> [What to produce]:
In the entries below, find each line where the word "This" appears and give only the total count of such lines.

****************

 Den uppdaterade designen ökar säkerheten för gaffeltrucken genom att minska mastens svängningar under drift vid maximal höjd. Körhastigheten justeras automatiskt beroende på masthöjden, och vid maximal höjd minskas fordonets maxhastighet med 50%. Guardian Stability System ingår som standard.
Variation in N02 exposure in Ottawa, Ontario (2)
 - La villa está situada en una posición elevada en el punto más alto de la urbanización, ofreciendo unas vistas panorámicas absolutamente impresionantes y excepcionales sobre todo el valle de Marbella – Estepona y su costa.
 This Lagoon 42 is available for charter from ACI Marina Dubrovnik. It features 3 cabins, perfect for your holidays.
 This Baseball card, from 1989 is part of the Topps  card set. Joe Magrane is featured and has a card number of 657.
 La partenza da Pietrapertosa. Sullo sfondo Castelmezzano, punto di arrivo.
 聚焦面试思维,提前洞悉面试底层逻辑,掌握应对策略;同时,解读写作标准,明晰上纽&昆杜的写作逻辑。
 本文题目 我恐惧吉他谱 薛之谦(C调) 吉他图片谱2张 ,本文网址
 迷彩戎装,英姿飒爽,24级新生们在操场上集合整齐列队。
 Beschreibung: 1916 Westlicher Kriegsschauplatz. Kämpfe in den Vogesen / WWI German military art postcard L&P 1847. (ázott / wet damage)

****************

> [Completed task]:
2